Perhaps because it isn’t glamourous, face-to-face communication is the forgotten stepchild of the corporate communication profession. But study after study* supports my contention that of all the communication going on in organizations today, the most essential and effective is communication by one person with another.

When it comes to the techniques of interpersonal communication, you’re more likely to learn it at CoachVille than at Harvard. So Dave gets a point for that. But you don’t need to go to school to learn to communicate. With conscious recognition of how and what we’re communicating, each of us can be an excellent communicator – whether we’re an MBA, a coach, a professional communicator, a manager, a wage slave, an executive, or none of the above.  Awareness is always the beginning.

* I’ll have more to share about the research that shows the importance face-to-face communication in organizations next week, when I’ll be reporting from the annual conference of the International Association of Business Communicators (IABC).

The Call to Adventure

A few months ago, I bumped into a statistic suggesting that more than 80 per cent of North American drivers think they are better than average.  Hmmmmm. Do the math.

This impossible belief seems to apply to communication, too. How many resumes have you seen that claim “excellent communication skills” among the list of awesome attributes? If everyone who claimed to be a good communicator actually was one, would “poor communication” be one of the big employee dissatisfiers that show up in exit interviews? Not likely.

Good communication is the workplace skill people seem to need the most yet demonstrate the least. How does that happen? I think it’s because the communication profession is missing a huge opportunity. Few of us do anything to promote interpersonal communication.

The reasons are many: tradition, the narrow confines of our job descriptions, our bosses’ and clients’ urgent needs, habit, competing priorities, the intangibility of interpersonal communication, and [insert your favourite excuse here]. Organizations lack a sense of what great face-to-face communication looks like, so it’s hard to measure and reward.

Meanwhile, professional communicators are up to their eyeballs in artefacts. Publications, memos, marketing material, financial reports and executive edicts receive lots of attention and billions in funding. Corporate communication departments, advertising agencies, public relations firms, and consultants spend huge amounts of time and energy developing plans, programs, strategies, tools and tactics to help organizations communicate with customers, shareholders, employees, regulatory agencies and the public. IT departments, manufacturers, service providers, and armies of techno-folk are hooking us up with faster, cleaner, more reliable computing and telephone communication devices.
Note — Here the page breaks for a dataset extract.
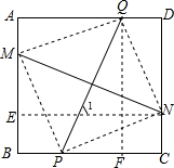 解答 解:连接QM,MP,PN,PQ,过N作NE⊥AB于E,过Q作QF⊥BC于F,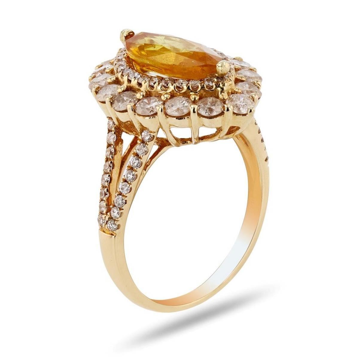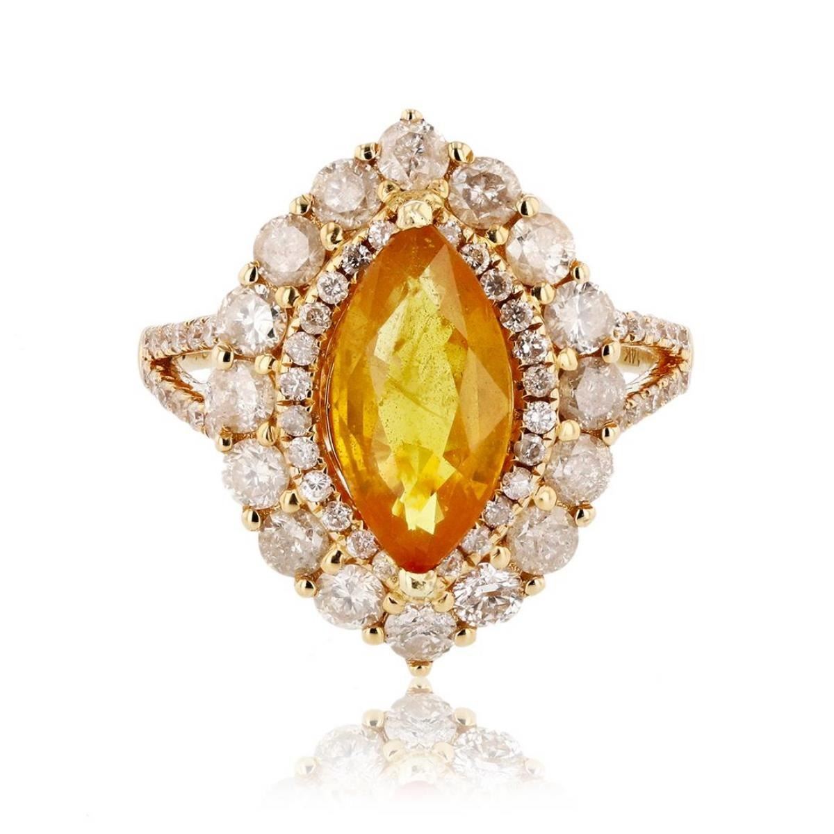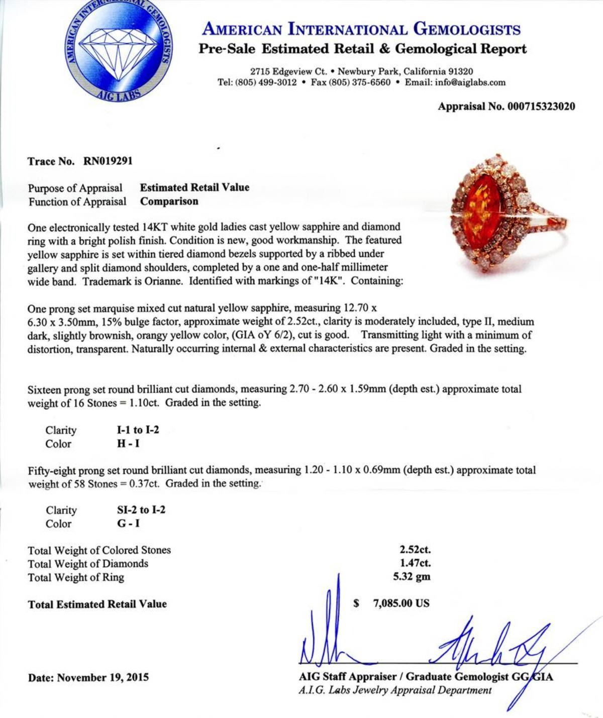 One electronically tested 14KT white gold ladies cast yellow sapphire and diamond ring with a bright polish finish. Condition is new, good workmanship. The featured yellow sapphire is set within tiered diamond bezels supported by a ribbed under gallery and split diamond shoulders, completed by a one and one-half millimeter wide band. Trademark is Orianne. Identified with markings of "14K". Containing: One prong set marquise mixed cut natural yellow sapphire, measuring 12.70 x 6.30 x 3.50mm, 15% bulge factor, approximate weight of 2.52ct., clarity is moderately included, type II, medium dark, slightly brownish, orangy yellow color, (GIA oY 6/2), cut is good. Transmitting light with a minimum of distortion, transparent. Naturally occurring internal and external characteristics are present. Graded in the setting. Sixteen prong set round brilliant cut diamonds, measuring 2.70 - 2.60 x 1.59mm (depth est.) approximate total weight of 16 Stones = 1.10ct. Graded in the setting. Clarity I-1 to I-2 Color H-I Fifty-eight prong set round brilliant cut diamonds, measuring 1.20 - 1.10 x 0.69mm (depth est.) approximate total weight of 58 Stones = 0.37ct. Graded in the setting: Clarity SI-2 to I-2 Color G-I Total Weight of Colored Stones 2.52ct. Total Weight of Diamonds 1.47ct. Total Weight of Ring 5.32 gm

But when it comes to face-to-face communication – which still makes up the bulk of daily communication in business – people scarcely give it a thought.

Humans are “hard wired” to send and receive messages face-to-face, yet nobody really teaches us how to do this type of communication well. They teach us other stuff, like declining verbs and using punctuation, saying “please” and “thank you,” and not talking with food in our mouths. Sometimes they teach us to converse in foreign languages, in classes with names like “French Conversation.” But who receives formal lessons in how to conduct meaningful conversation in our own language?

Conversation is something the world just expects us to know. Not studied, not measured, and not well-understood, face-to-face communication is something that, if not quite an unconscious act, seldom receives much thought.

What would happen if everyone gave conscious consideration to their face-to-face communication? The results could be very beneficial to us, as individuals, and to the world.

Making a shift to conscious communication is something we can do that improves both work and life. Are you willing to try it?

Today’s homework: Be aware of your communication. You don’t really have to do anything differently (though this may happen as you become aware).  Be aware of how you communicate and how that communication is received. Log it in your journal, if you’re so inclined.

We can start the conscious communication revolution just by paying attention. How cool is that?